Alyssa George, a telemetry nurse, brought her one-year-old son in a wheelchair to the picket line. She watched fellow nurses cheer and passing cars honk as she rocked the stroller back and forth. Before giving birth to her son, George worked at Mount Sinai and then took a job in Montefiore to be closer to home.

“I knew every hospital would be the same,” she said. “There is a shortage of personnel everywhere. But I would rather walk to work than spend 40 minutes on the road to solve the same thing.

She often handles more patients than she should, handling six patients at a time. Patients often resent the fact that they are not given enough attention.

“It’s dangerous, but we’re doing everything we can to keep patients safe… They think we’re ignoring them. Some of them who are educated and have been in hospitals are getting it. But other people, they don’t care. They think we’re ignoring them, that we don’t care. But it’s not them.”

A nurses' rally near the Montefiore Moses campus on Tuesday.

Tiny Lugo, a home health assistant, visited Montefiore to see her type 1 diabetic sister, who was facing kidney failure and was awaiting dialysis. Sister Lugo is having a hard time in the hospital now because there are fewer nurses caring for her.

“There are no nurses,” Lugo, 31, said. “A nurse comes every hour to check on patients, but that’s about it.”

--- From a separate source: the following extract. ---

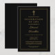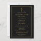 Um convite de funeral moderno e elegante com borda preta e dourada para Celebração Cristã de Vida, projetado por Thisisnotme©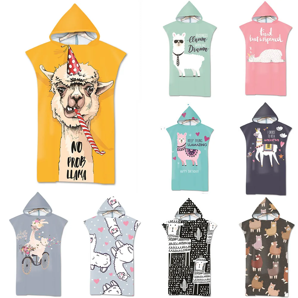 Hot Sale Printed Alpaca Microfiber Quick Drying Beach Towel Hooded Surf Cloak Changing Poncho Adult Children Customized Bathrobe

Lugo said she sympathized with the striking nurses, but feared their strike would drag on until the end of the week.

“I understand why they are teaming up,” she said. But I had to come every day. I come every day to check on her.”

Castle Hill, Bronx, OG Y resident, stopped by a food truck outside of Montefiore Weiler after visiting his mother, who has the flu and pneumonia.

“Quiet,” he said. “My mom is on the seventh floor. Very quiet. Nicely. nurses [are] calm, cool and collected today. They are doing a good job at the moment.”

OG Yu.

He said many of the hospital beds had been empty since last week, when his mother was admitted to the hospital.

“Now it’s not so crowded. There aren’t many patients there, but the nurses there are doing a wonderful job, great job. The ones that are there are doing it.”

On Monday, 80-year-old Carol Green went to Mount Sinai for an appointment with a cardiologist. The strike was a little confusing for her – she had to make her way on her walkers through the crowds of picketing nurses, and the visit to the doctor took longer than usual.

“The doctor did everything that the nurses did… Usually there is a nurse there to weigh and stuff, but she herself had to do it. It wasn’t that hard, but I still missed those nurses.”

Green said she was in the hospital for a follow-up visit and expected everything to be back to normal by the next.

“I’m not upset, I just want them to do what they need to be treated the way they should.”